Thanks for the explanation.

So in the case of Mr.Money (a non-swiss resident) the strategy isn’t worthwhile as the withholding tax is already priced into the SMI futures and other swiss indices. Wouldn’t that offer an arbitrage opportunity for swiss residents though? Sell futures and buy the underlying during dividend season? Probably not very interesting absolute yields but possibly interesting in this low rate environment.
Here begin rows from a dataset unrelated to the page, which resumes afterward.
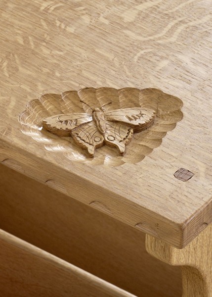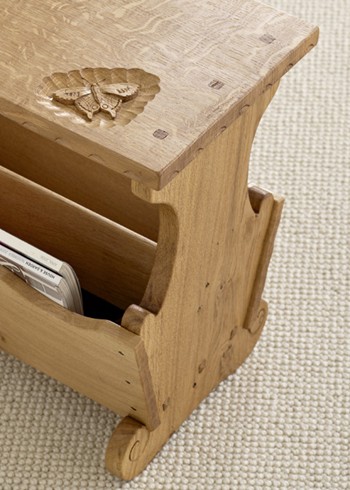 Magazine rack with a butterfly hand carved on the corner of the oak top. This piece is equally useful as a stool or simply a small table to complement our bedroom furniture.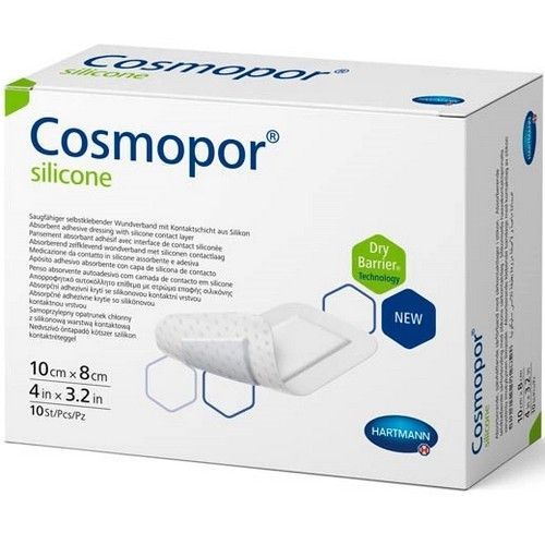 - Cosmopor® silicone/Кocмoпop силикон представляет собой неактивную одноразовую самоклеящуюся стерильную и полупроницаемую повязку на рану (гидроцеллюлярную тонкую повязку), состоящую из нетканого материала основы (материала-носителя) и впитывающей подушечки для раны. Обе части повязки покрыты силиконовым клеевым перфорированным слоем и защищены пленкой.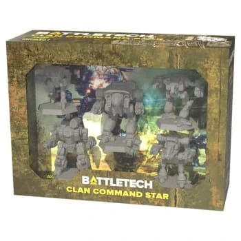 The Clan Command Star includes the Dire Wolf, Summonder, Stormcrow, Mist Lynx, and Shadow Cat -no assembly required- along with five MechWarrior pilot cards and five Alpha Strike cards.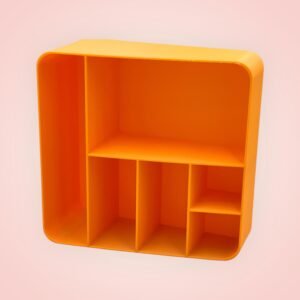 Keep your workspace tidy and stylish with this Modular 3D-Printed Multi-Compartment Desk Organizer. Crafted from durable PLA/PHA filament, the organizer houses six distinct compartments—two large side pockets, a deep back tray for notebooks or tablets, and three smaller front slots for pens, paperclips, or business cards. The smooth, matte finish and precisely rounded walls showcase the layer-by-layer texture of 3D printing, giving it both modern appeal and everyday functionality.

More importantly the future strategy is probably interesting for swiss residents still (as long as the professional trader denomination is avoided), isn’t it? I.e. roll the futures rather than own the ETFs (with the exception of the swiss market ETFs obviously for the reason you highlighted above).

Thanks

Yes is would offer an arbitrage opportunity exactly as you describe were it not for the fact that the Swiss tax authorities regard this as a tax avoidance scheme and will not reimburse the withholding tax if they are aware your position is hedged (I doubt the arbitrage would be profitable/sufficiently profitable at retail transaction costs/prices even without the tax avoidance problem).

I think that is probably right although I have never checked the pricing to confirm it works in practice given the professional trader problem.